ET subjects performed worse compared with HC on several tests, mainly relating to executive function, working memory, and verbal fluency. Specifically, post-hoc group-wise comparisons of significant ANOVA and Kruskall-Wallis tests revealed lower performance in ET subjects compared with HC for the STROOP (word: ET1 vs. HC: p = 0.031, ET2 vs. HC: p = 0.006; color: ET2 vs. HC: p = 0.038; color-word: ET2 vs. HC: p = 0.045), both the category-cued and category-cued switching tasks of the RWT (ET1 vs. HC: p = 0.022, ET2 vs. HC: p = 0.002 and ET1 vs. HC: p = 0.014, ET2 vs. HC: p = 0.010), cued-recall task of the CVLT (ET1 vs. HC: p = 0.045), DGS forward (ET2 vs. HC: p = 0.015) and backward test (ET1 vs. HC: p = 0. 032, ET2 vs. HC: p = 0.024), and TMT part A (ET2 vs. HC: p = 0.016) and part B (ET1 vs. HC : p = 0.048, ET2 vs. HC : p = 0.044)(Fig. 1). We did not find any differences of cognitive performance between ET1 and ET2 cohorts (p > 0.44).

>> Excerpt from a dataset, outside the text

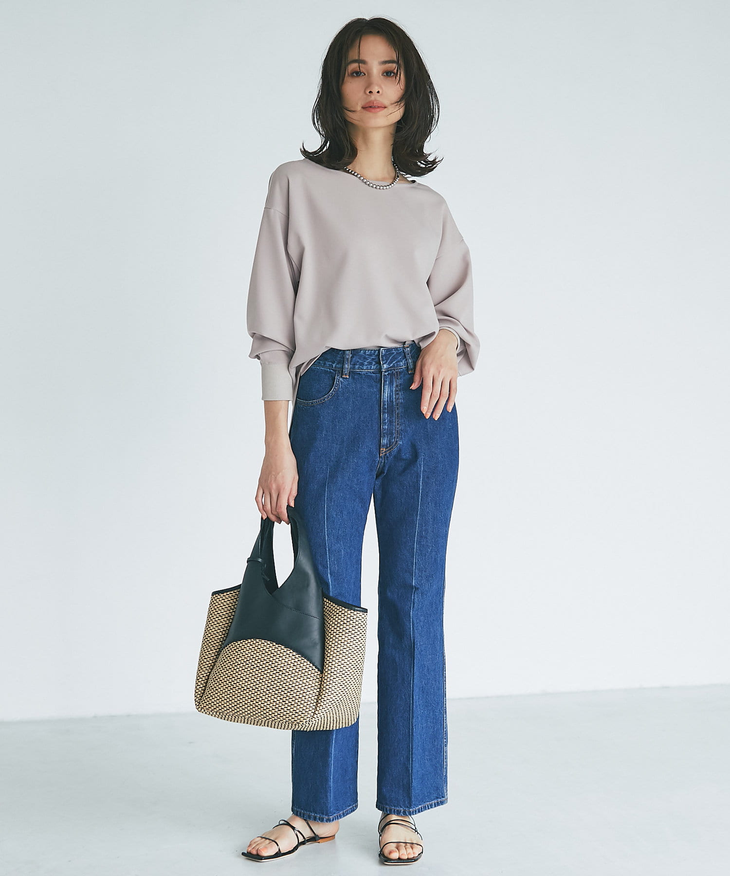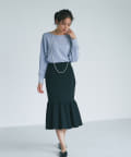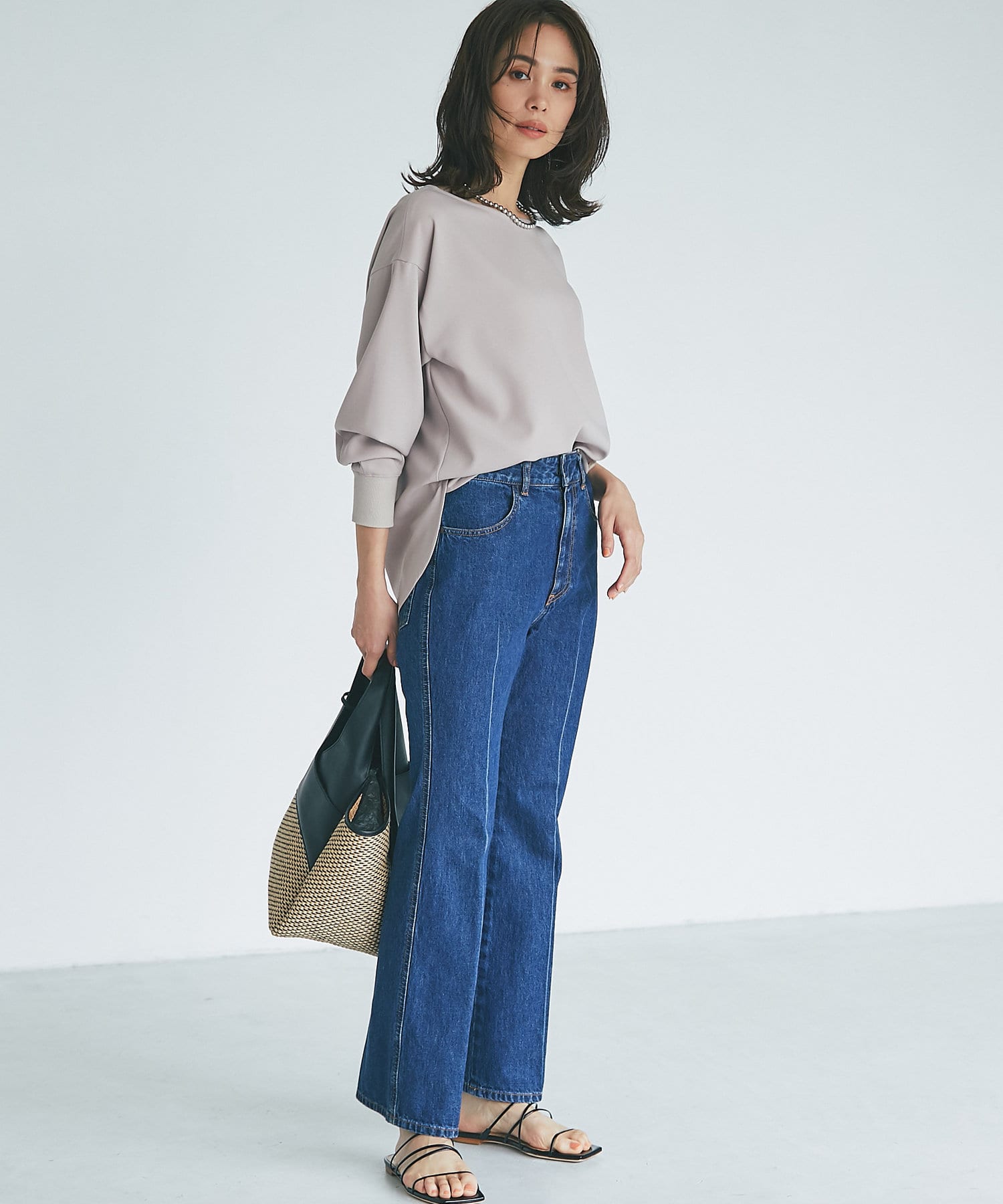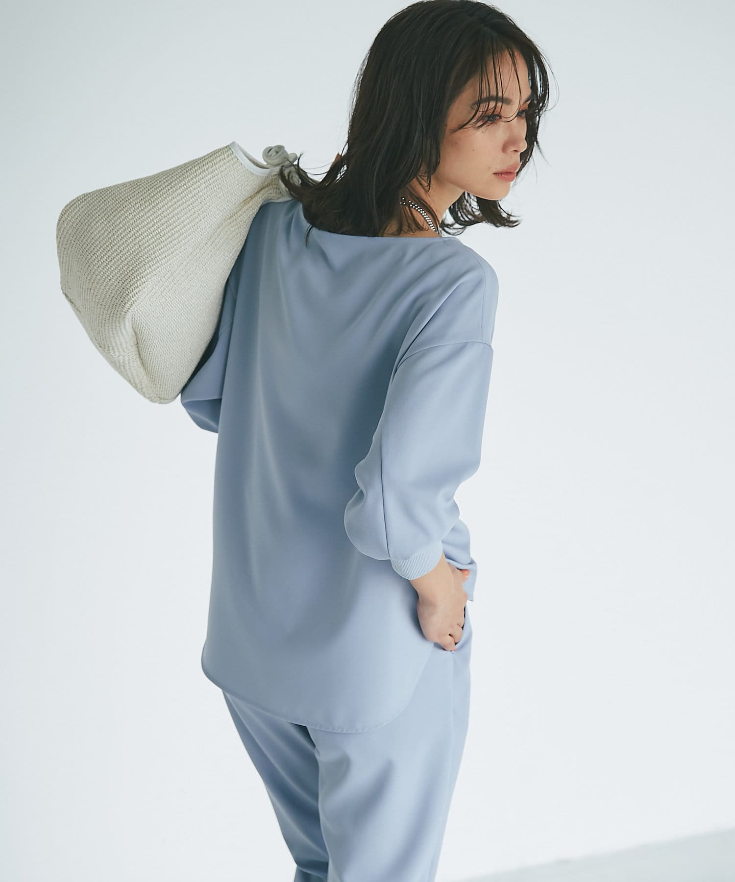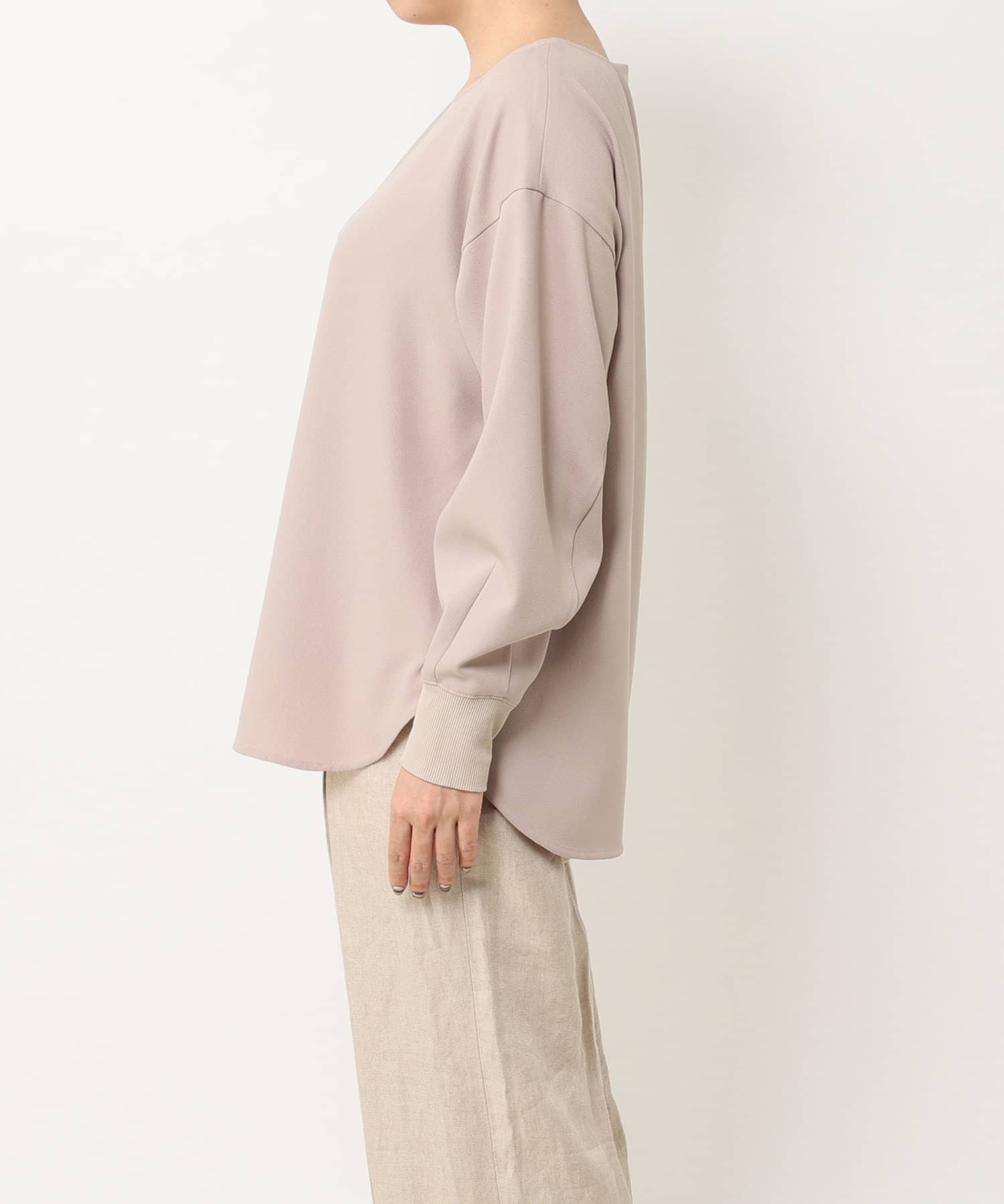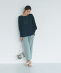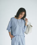抜け感があり、デコルテをきれいに見せてくれるボートネックで、袖口にはリブを施し、トレンドのやや長めカフスに仕上げました。
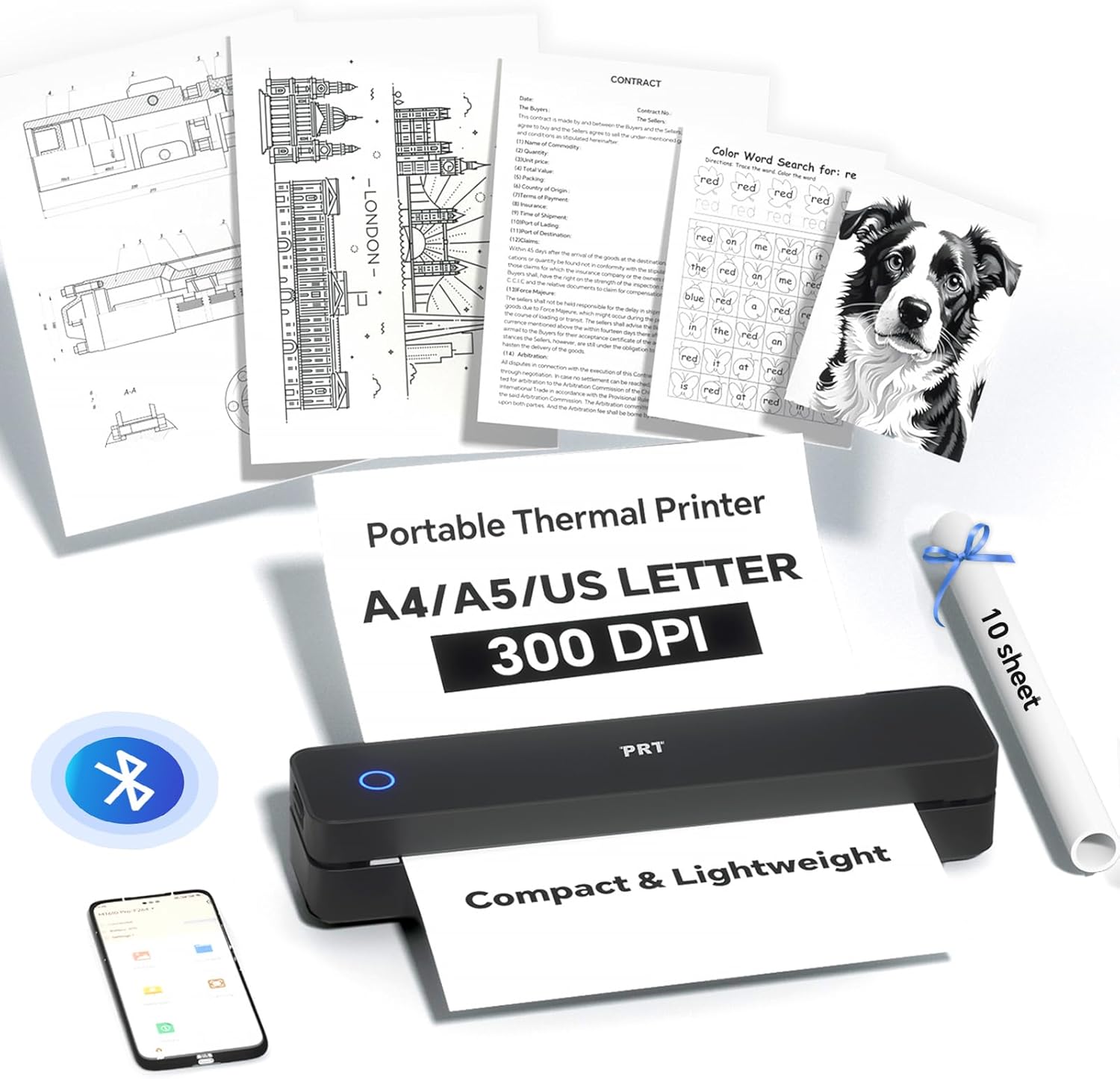 - UNIVERSAL COMPATIBILITY& WIDE PRINTING RANGE: The portable printer is compatible with a wide range of OS, including iOS (for iPhone & iPad), Android, Windows, and macOS.It supports a variety of thermal paper sizes, such as 8.5"x11" US letter and legal paper, A4, A5, and 4" - wide thermal paper.(Important: This inkless printer only supports thermal paper; regular paper is not suitable.)

Depressive symptoms as assessed by the BDI were higher in ET1 subjects compared with both HC and ET2 subjects (ET1 vs. HC: p = 0.006, ET1 vs. ET2: p = 0.025). Importantly, BDI scores were not correlated with cognitive performance in any of the tests in the overall ET cohort (p > 0.09). There was an inverse correlation between FTM scores and the category-cued subtest of RWT (p = 0.034; r = -0.434). No further correlations were observed between tremor severity and cognitive performance (p > 0.05). The full descriptive and test statistics are summarized in Tables 2 and 3, respectively.

Fig. 1
figure 1

Cognitive performance across groups. STROOP: Stroop test (color: color naming, word: word reading, color-word: color-word interference task); TMT = Trail making test; RWT = Regensburger Wortfluessigkeitstest; CVLT = California verbal learning test; DGS = digit span test; PR = Percentile rank. Bars present group means, error mars indicate the standard deviation.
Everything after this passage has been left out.